# What the task asks:
The required output is the exact run of lines from the one that contains "One 14KT white" to the end of the data, with every picture left out.

# Information shown:
◆ ◆ ◆

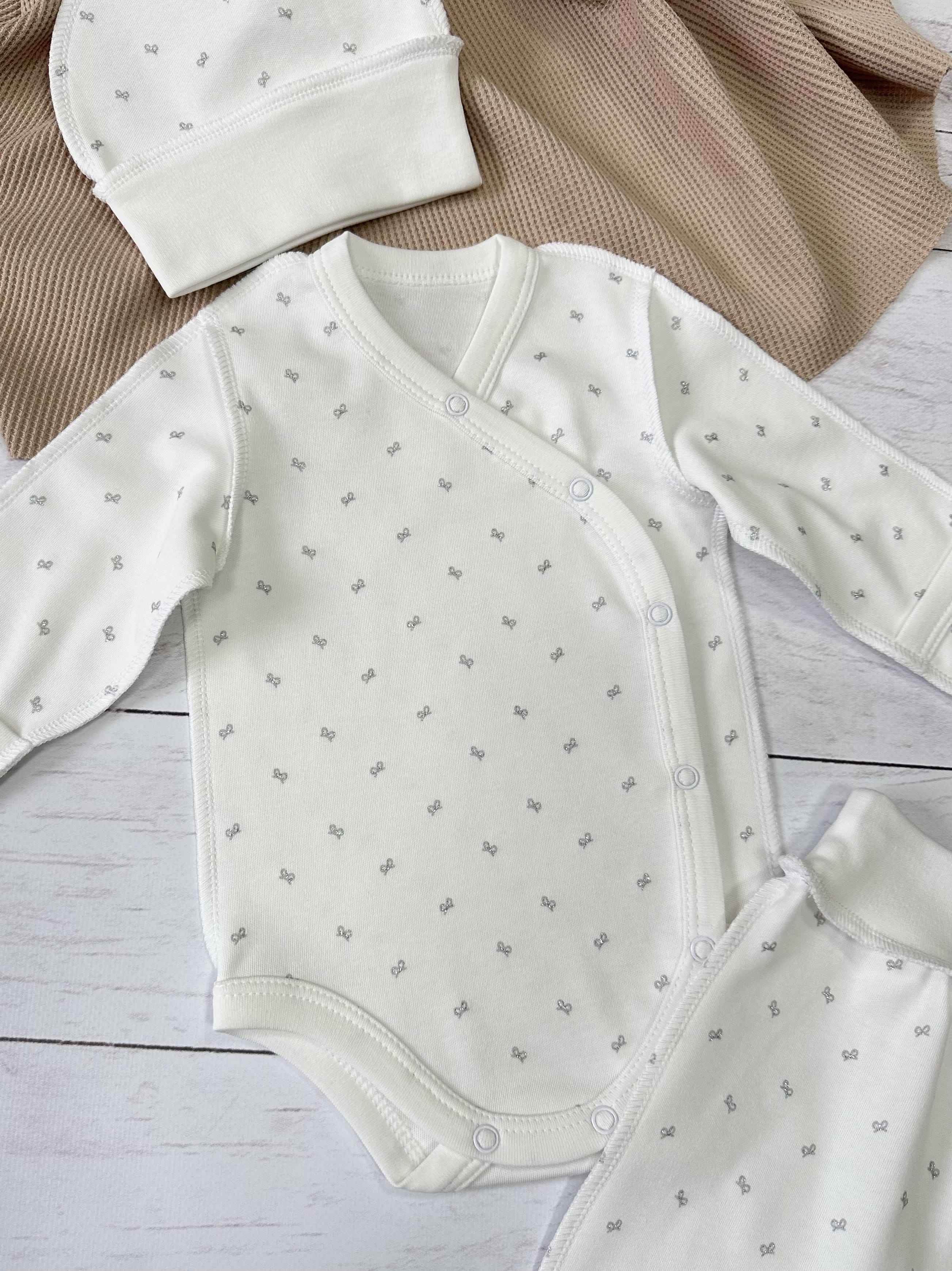 Комплект для новорожденного состоит из 3-х предметов - бодик, ползунки, шапка. Это базовая одежда малышей.
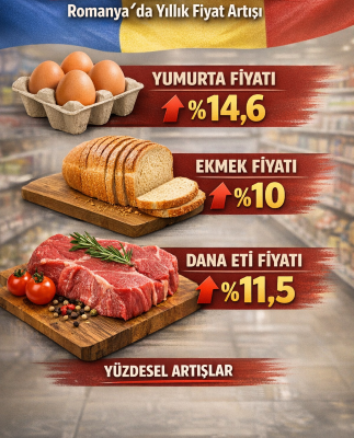 * Romanya’da yıllık bazda yumurta fiyatı yüzde 14,6, ekmek fiyatı yüzde 10, dana eti fiyatı ie yüzde 11,5 arttı
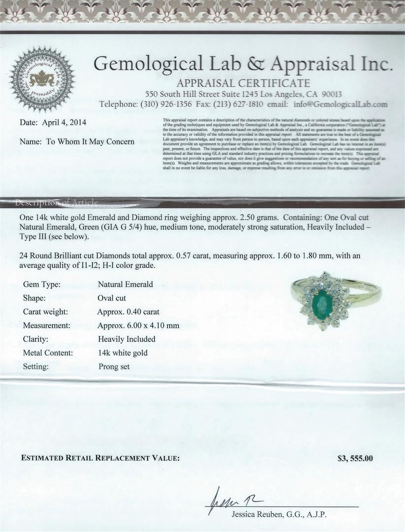 One 14KT white gold emerald and diamond ring weighing approx. 2.50 grams. Containing: one oval cut natural emerald, approx. 0.40 carat, green (GIA G 5/4) hue, medium tone, moderately strong saturation, heavily included- type III. 24 round brilliant cut diamonds total approx. 0.57 carats, measuring approx. 1.60 to 1.88mm, with an average quality of I1-I2; H-I color. Gemology Lab Appraised at $3,555.00.
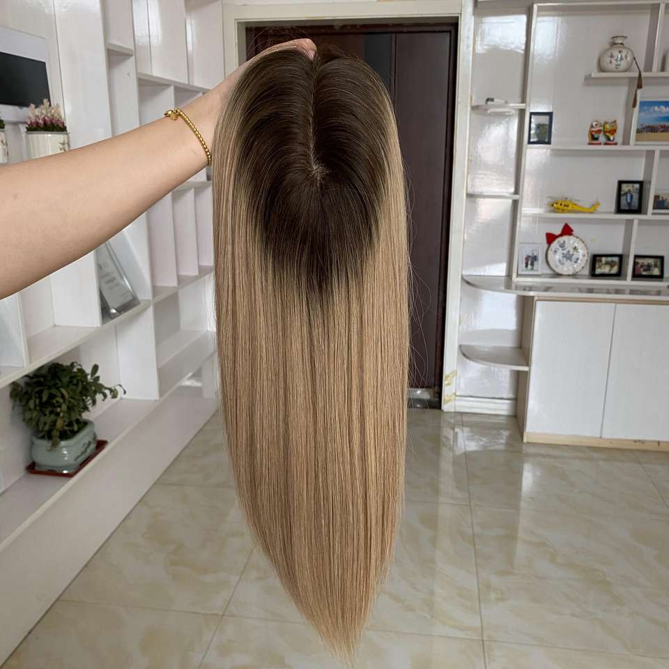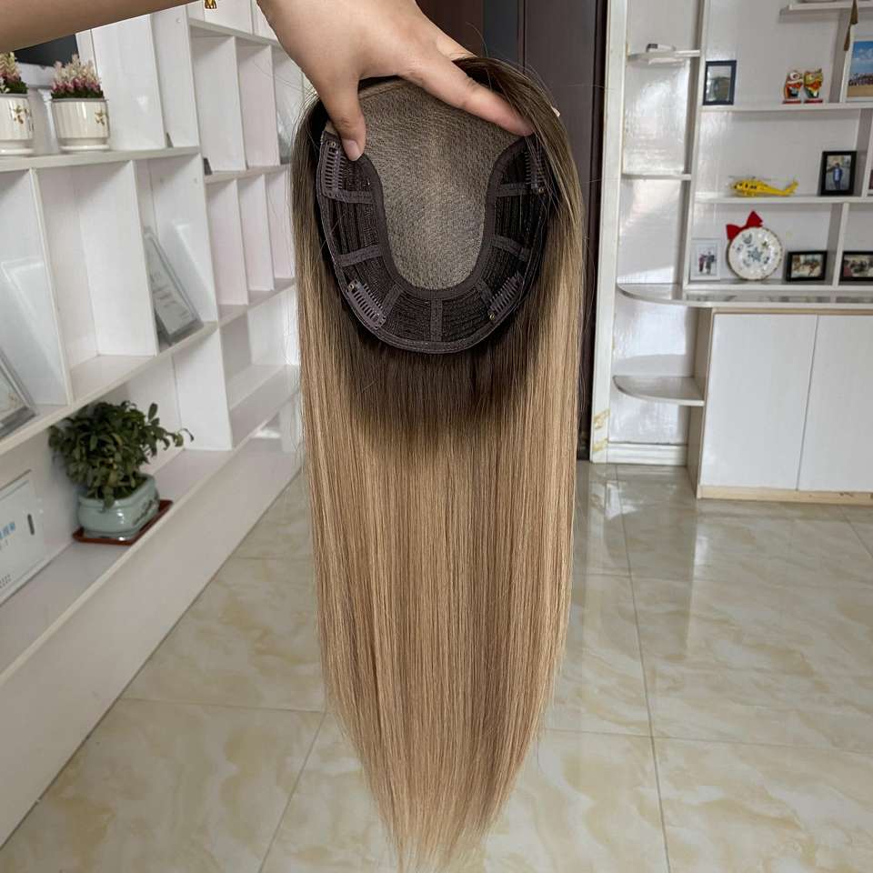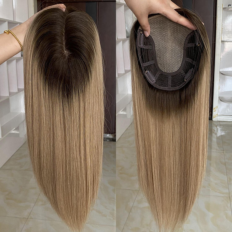 Topper en cheveux humains à base de soie pour femmes avec 4 clips, ondulation d'eau, base en soie

◆ ◆ ◆

# Your response:
 One 14KT white gold emerald and diamond ring weighing approx. 2.50 grams. Containing: one oval cut natural emerald, approx. 0.40 carat, green (GIA G 5/4) hue, medium tone, moderately strong saturation, heavily included- type III. 24 round brilliant cut diamonds total approx. 0.57 carats, measuring approx. 1.60 to 1.88mm, with an average quality of I1-I2; H-I color. Gemology Lab Appraised at $3,555.00.
 Topper en cheveux humains à base de soie pour femmes avec 4 clips, ondulation d'eau, base en soie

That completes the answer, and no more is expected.